## WHAT TO DO
The answer consists only of the lines from the beginning of the listing below to the line holding "Jeremy Creech describes", inclusive, with every picture removed.
Content starts
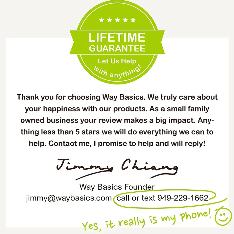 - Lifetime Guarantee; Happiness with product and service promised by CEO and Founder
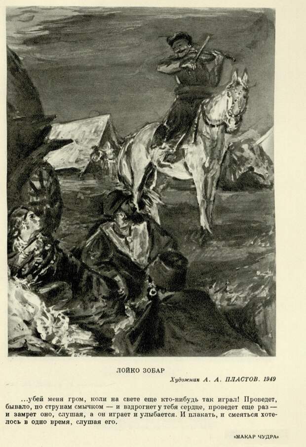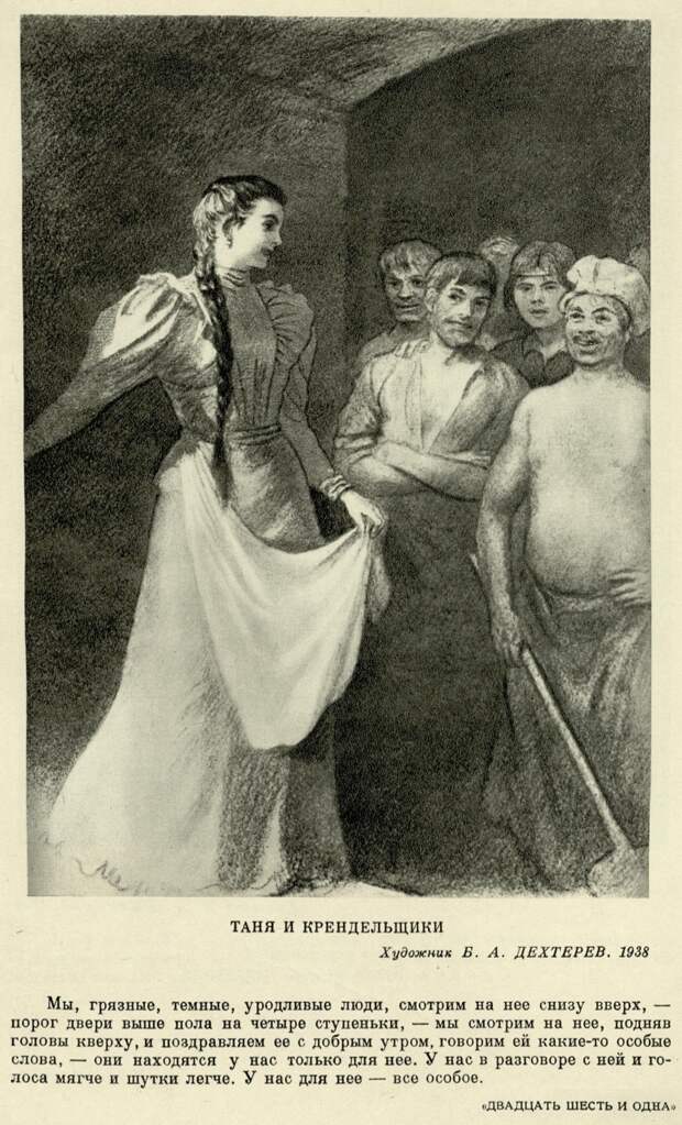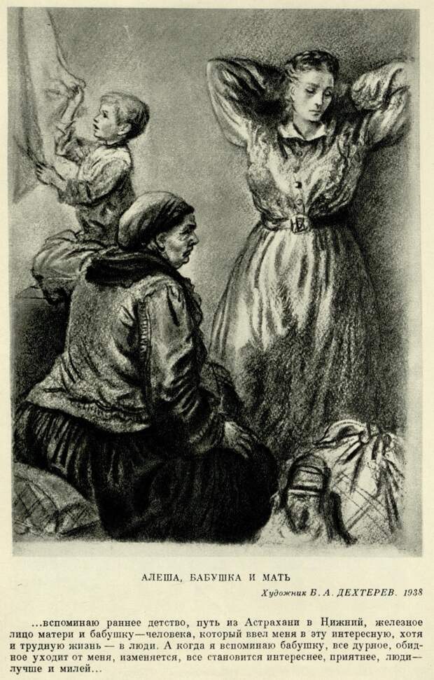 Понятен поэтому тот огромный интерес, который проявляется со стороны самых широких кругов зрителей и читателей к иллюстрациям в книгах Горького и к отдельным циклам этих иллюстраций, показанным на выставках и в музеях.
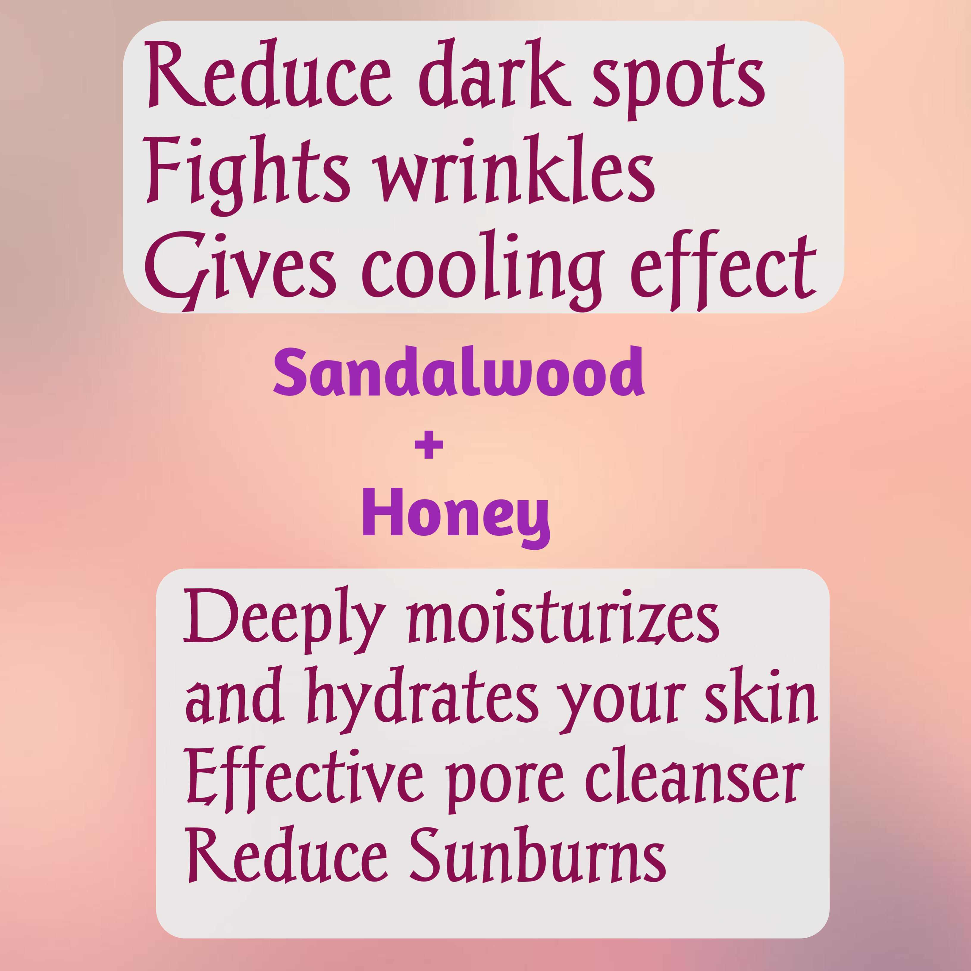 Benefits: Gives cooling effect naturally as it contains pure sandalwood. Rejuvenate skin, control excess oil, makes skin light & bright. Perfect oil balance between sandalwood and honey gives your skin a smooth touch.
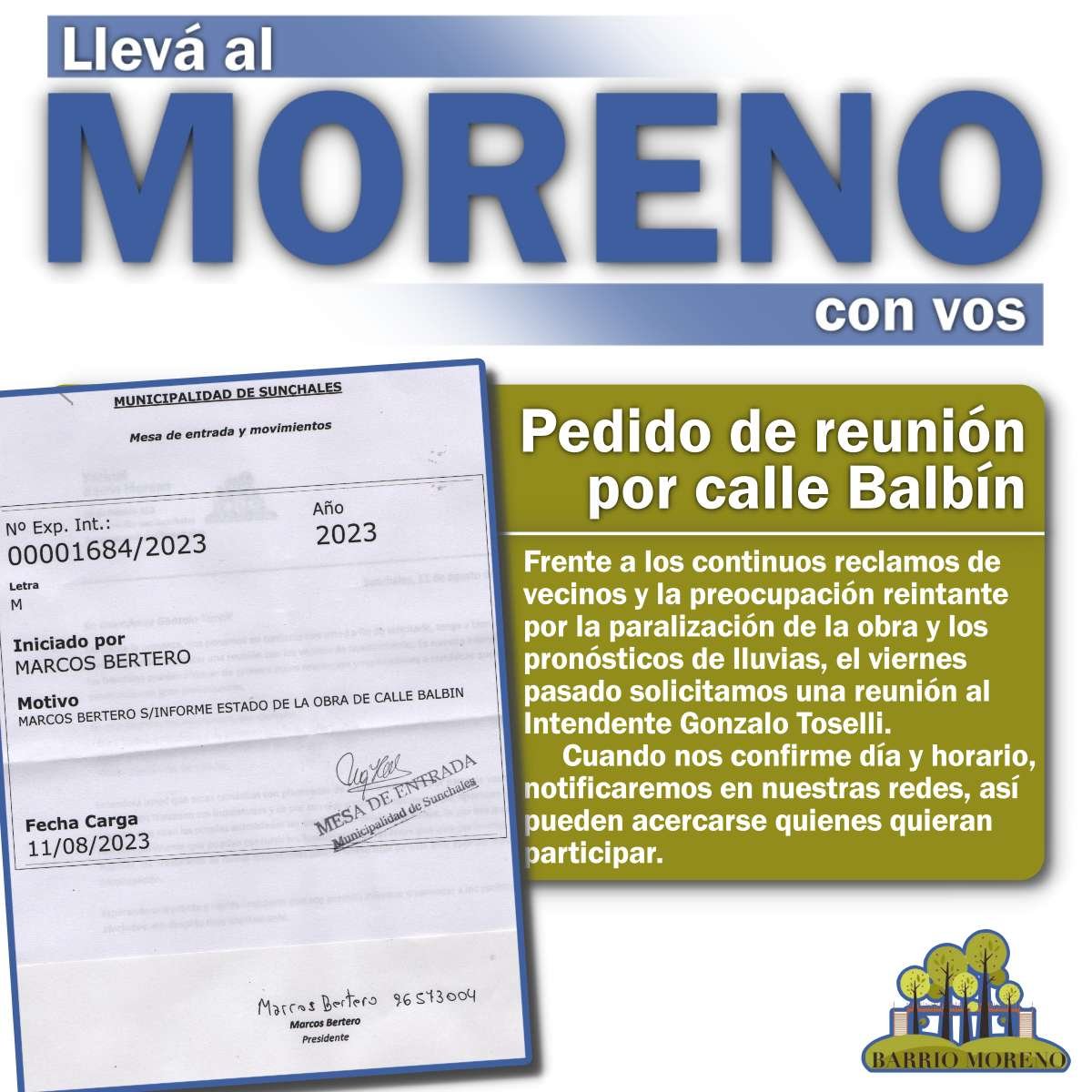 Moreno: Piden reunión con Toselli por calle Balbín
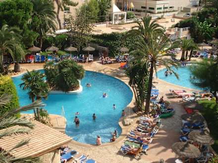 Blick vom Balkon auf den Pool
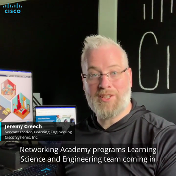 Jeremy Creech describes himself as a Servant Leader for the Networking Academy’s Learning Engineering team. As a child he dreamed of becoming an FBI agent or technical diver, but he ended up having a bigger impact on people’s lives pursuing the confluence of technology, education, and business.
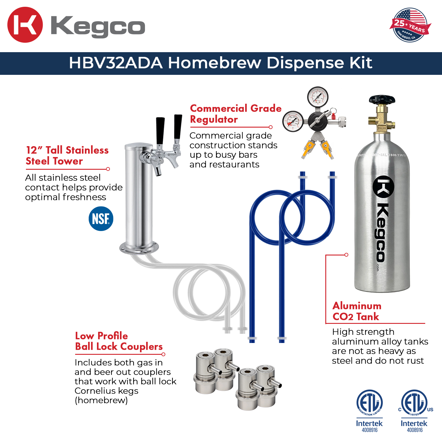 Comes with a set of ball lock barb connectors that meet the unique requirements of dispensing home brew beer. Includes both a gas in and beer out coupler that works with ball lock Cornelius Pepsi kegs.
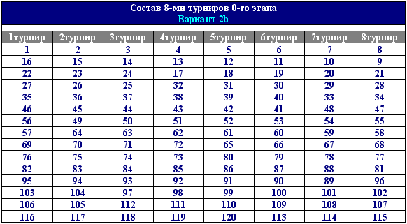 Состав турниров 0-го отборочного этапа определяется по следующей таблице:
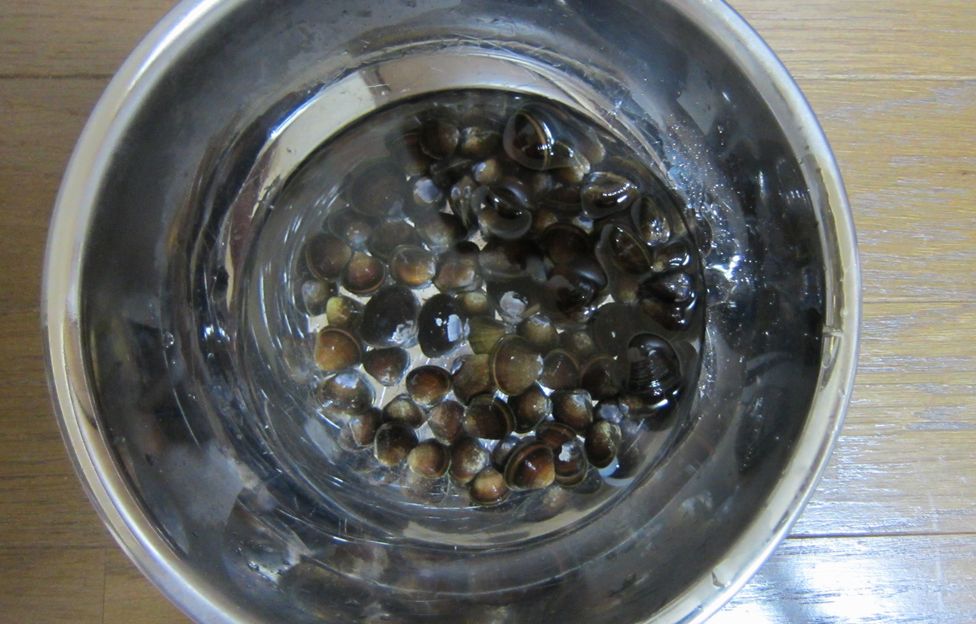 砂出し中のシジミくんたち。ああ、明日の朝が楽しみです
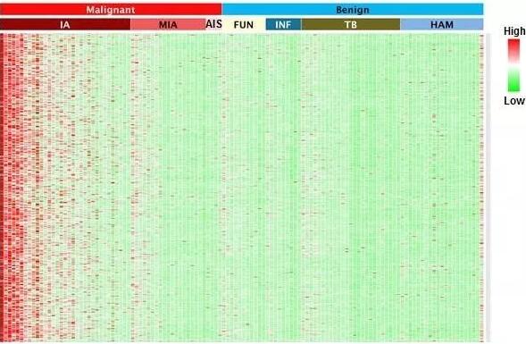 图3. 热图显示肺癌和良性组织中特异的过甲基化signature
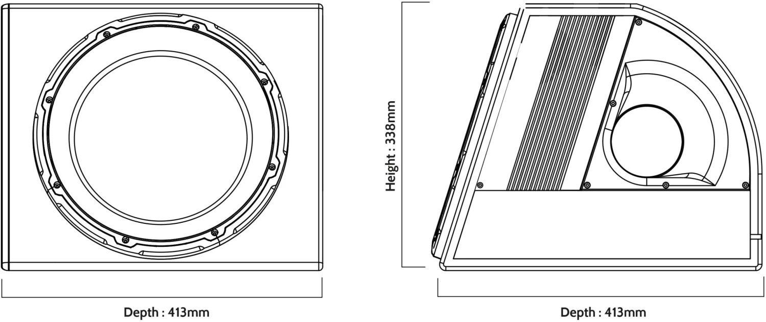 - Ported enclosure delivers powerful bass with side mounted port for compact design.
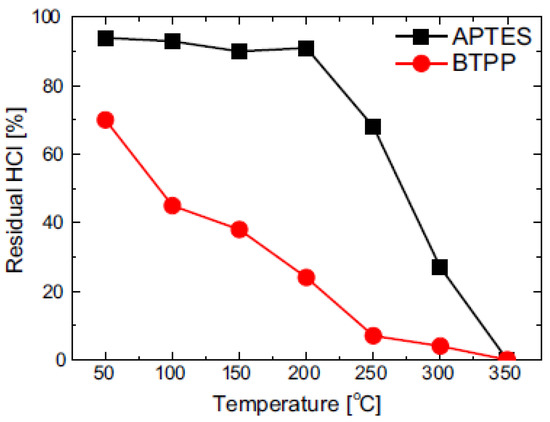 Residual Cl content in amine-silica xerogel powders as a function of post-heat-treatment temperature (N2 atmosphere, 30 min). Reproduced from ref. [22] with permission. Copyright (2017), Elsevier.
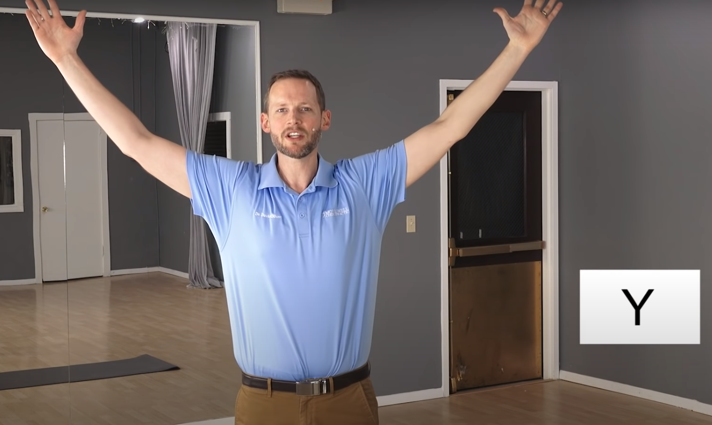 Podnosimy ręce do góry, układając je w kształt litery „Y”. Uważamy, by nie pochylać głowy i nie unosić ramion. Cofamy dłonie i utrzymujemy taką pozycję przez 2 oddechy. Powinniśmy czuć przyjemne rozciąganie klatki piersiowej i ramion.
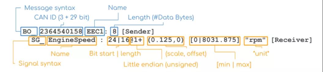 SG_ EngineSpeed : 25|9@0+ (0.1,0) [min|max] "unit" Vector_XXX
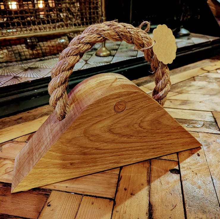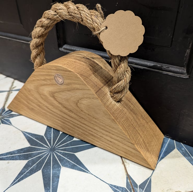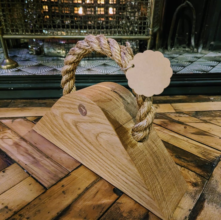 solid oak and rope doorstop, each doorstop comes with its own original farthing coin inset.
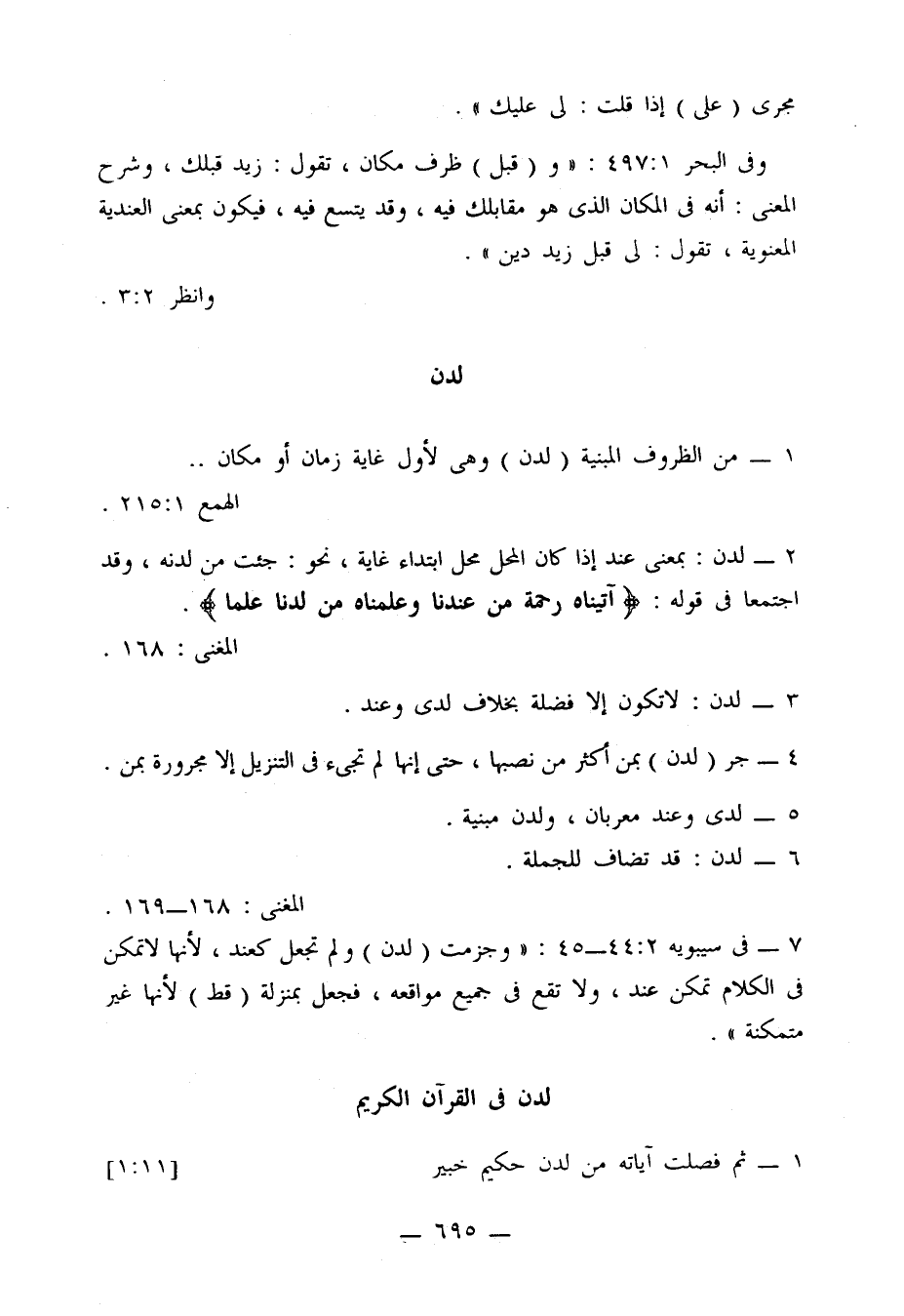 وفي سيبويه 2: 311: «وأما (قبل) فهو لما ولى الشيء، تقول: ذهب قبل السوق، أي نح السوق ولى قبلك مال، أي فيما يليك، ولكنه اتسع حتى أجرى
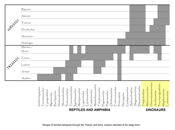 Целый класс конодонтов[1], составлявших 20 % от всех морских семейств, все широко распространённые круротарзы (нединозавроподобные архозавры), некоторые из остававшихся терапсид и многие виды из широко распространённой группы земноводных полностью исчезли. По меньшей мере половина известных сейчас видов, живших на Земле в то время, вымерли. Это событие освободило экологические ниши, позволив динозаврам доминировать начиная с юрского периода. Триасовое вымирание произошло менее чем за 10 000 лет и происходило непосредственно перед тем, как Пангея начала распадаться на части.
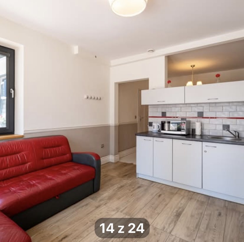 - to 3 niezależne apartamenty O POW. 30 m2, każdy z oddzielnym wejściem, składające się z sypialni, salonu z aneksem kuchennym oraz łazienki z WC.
Content ends
## EXPECTED OUTPUT
 - Lifetime Guarantee; Happiness with product and service promised by CEO and Founder
 Понятен поэтому тот огромный интерес, который проявляется со стороны самых широких кругов зрителей и читателей к иллюстрациям в книгах Горького и к отдельным циклам этих иллюстраций, показанным на выставках и в музеях.
 Benefits: Gives cooling effect naturally as it contains pure sandalwood. Rejuvenate skin, control excess oil, makes skin light & bright. Perfect oil balance between sandalwood and honey gives your skin a smooth touch.
 Moreno: Piden reunión con Toselli por calle Balbín
 Blick vom Balkon auf den Pool
 Jeremy Creech describes himself as a Servant Leader for the Networking Academy’s Learning Engineering team. As a child he dreamed of becoming an FBI agent or technical diver, but he ended up having a bigger impact on people’s lives pursuing the confluence of technology, education, and business.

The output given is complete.